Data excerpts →
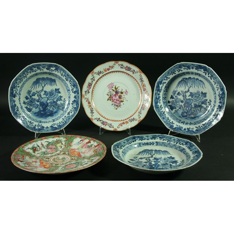 probably late 18th century, painted with a willow tree behind and rock and fence; together with two Chinese enamelled plates with floral and figural decoration, 24.5cm and smaller (7)
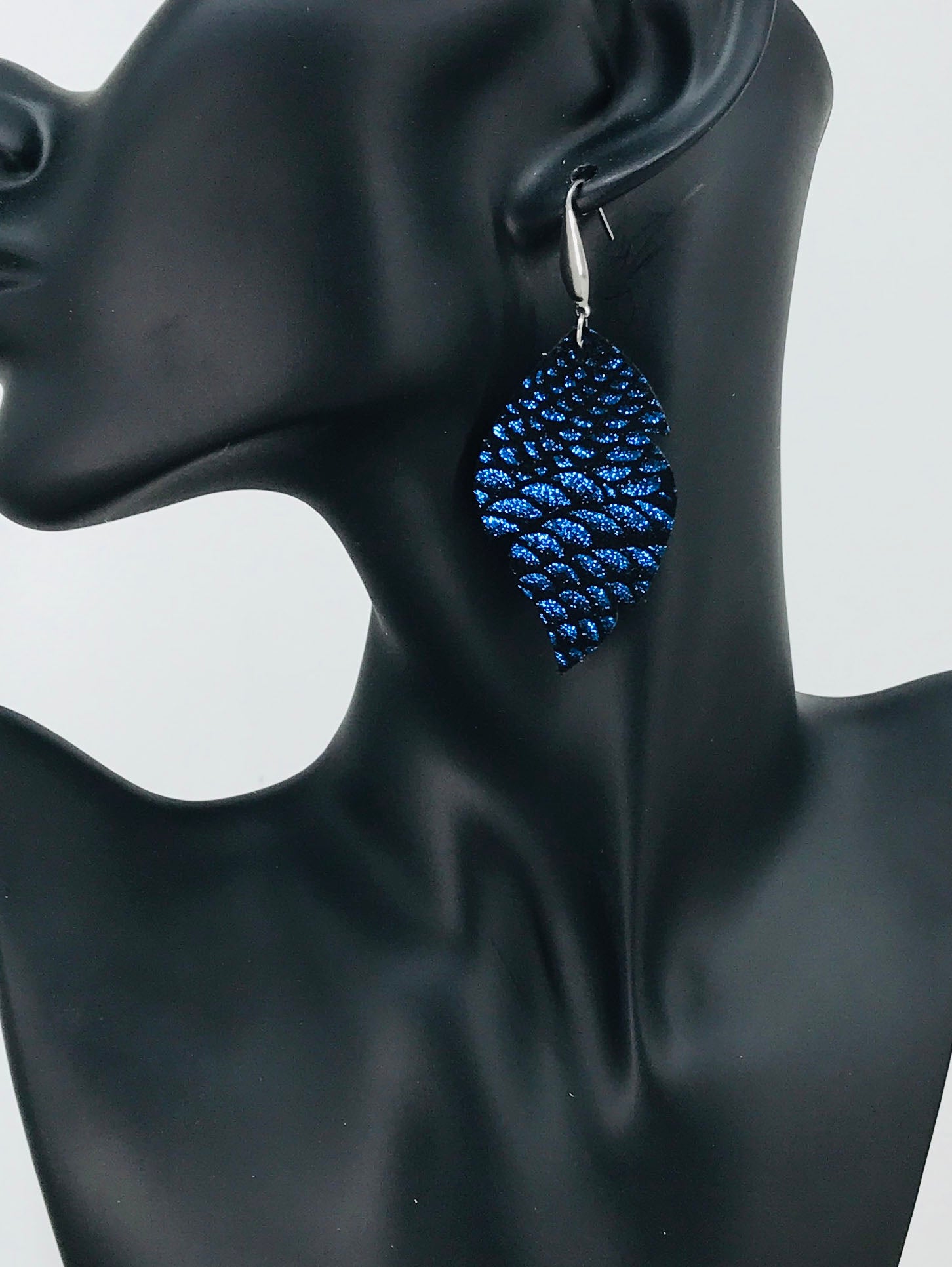 Royal Blue Chinese Dragon Metallic Leather Earrings with Stainless Steel Findings and Ear Wires.
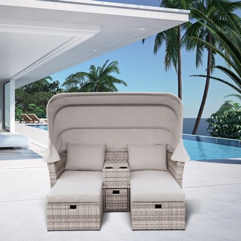 Цветовое исполнение (ротанг/подушки/тент): серый/серые/серый.
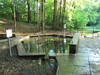 U passeert het Kneipp-bad aan het begin en komt onderweg af en toe stalen sculpturen tegen van het kunstproject "Road of Peace".
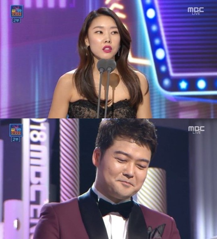 한혜진은 지난해 12월 29일 진행된 ‘2018 MBC 방송연예대상’에서 송은이와 함께 버라이어티 부문 최우수상을 수상했다.
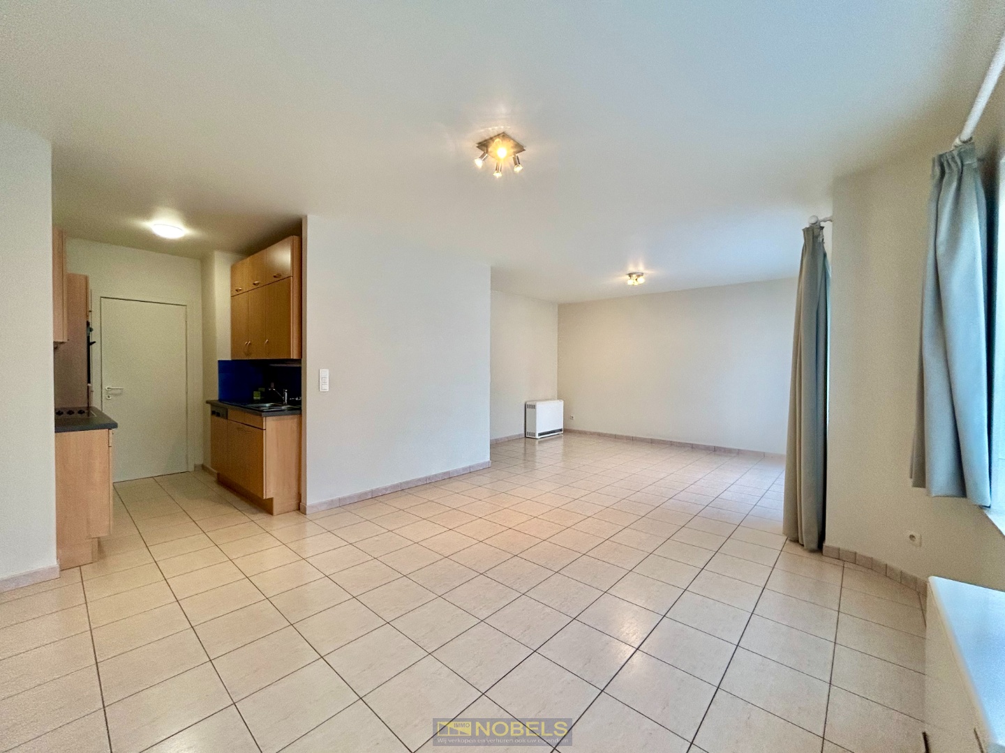 De indeling gaat als volgt: inkomhal, RUIME WOONKAMER met open keuken, bergruimte, afzonderlijk toilet, 2 VOLWAARDIGE SLAAPKAMERS en badkamer.
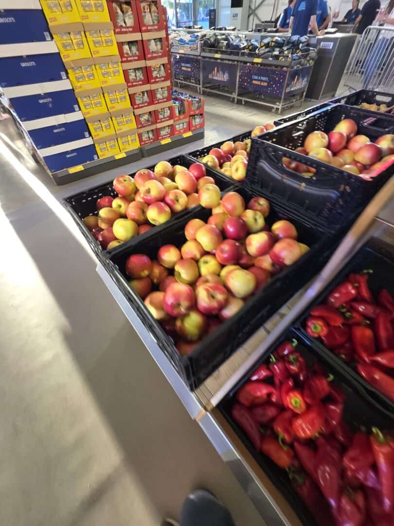 Полностью собранный, я вышел из нашей Premium-зоны чуть раньше, чем наша команда — им нужно было больше времени. Первым делом я зашёл в супермаркет Aldi на территории. Мне было интересно посмотреть ассортимент, и он меня порадовал: похоже на Hofer. Там продавались вода, соки, фрукты, часть овощей, салаты, молочка, нарезки, выпечка, булочки — в целом выбрать есть из чего. Я ещё заметил, что там можно заказать мясо на гриле, но об этом расскажу позже. Сейчас мне важно было просто понять, что где находится.
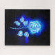 Blooming, abstract rose from blue flame on black background. Fire rose.
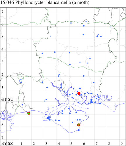 VC11: Peartree Green, Southampton, mine, present, 06 Oct; Stanpit Marsh LNR, mine, present, on oak, 04 Oct; larva, five, field obs., on oak, 04 Oct (PAB); Sway, one, 23 Jul (SKee);
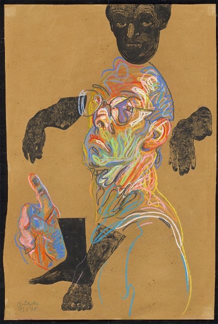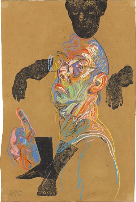 Pastellkreide über Linolschnitt auf Papier. 99,6 × 67,6 cm (39 ¼ × 26 ⅝ in.). Unten links signiert und datiert: Grützke 13.1.90.
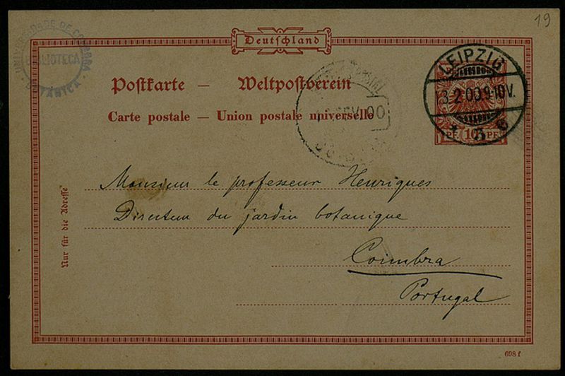 Postkarte, 1900 fév 13, Leipzig, à Monsieur le professeur [Júlio] Henriques, Coimbra

Prompt →
The lines above from the line with "Royal Blue Chinese" through the line with "De indeling gaat" are to be given again word for word, with no pictures among them.

Completed exercise →
 Royal Blue Chinese Dragon Metallic Leather Earrings with Stainless Steel Findings and Ear Wires.
 Цветовое исполнение (ротанг/подушки/тент): серый/серые/серый.
 U passeert het Kneipp-bad aan het begin en komt onderweg af en toe stalen sculpturen tegen van het kunstproject "Road of Peace".
 한혜진은 지난해 12월 29일 진행된 ‘2018 MBC 방송연예대상’에서 송은이와 함께 버라이어티 부문 최우수상을 수상했다.
 De indeling gaat als volgt: inkomhal, RUIME WOONKAMER met open keuken, bergruimte, afzonderlijk toilet, 2 VOLWAARDIGE SLAAPKAMERS en badkamer.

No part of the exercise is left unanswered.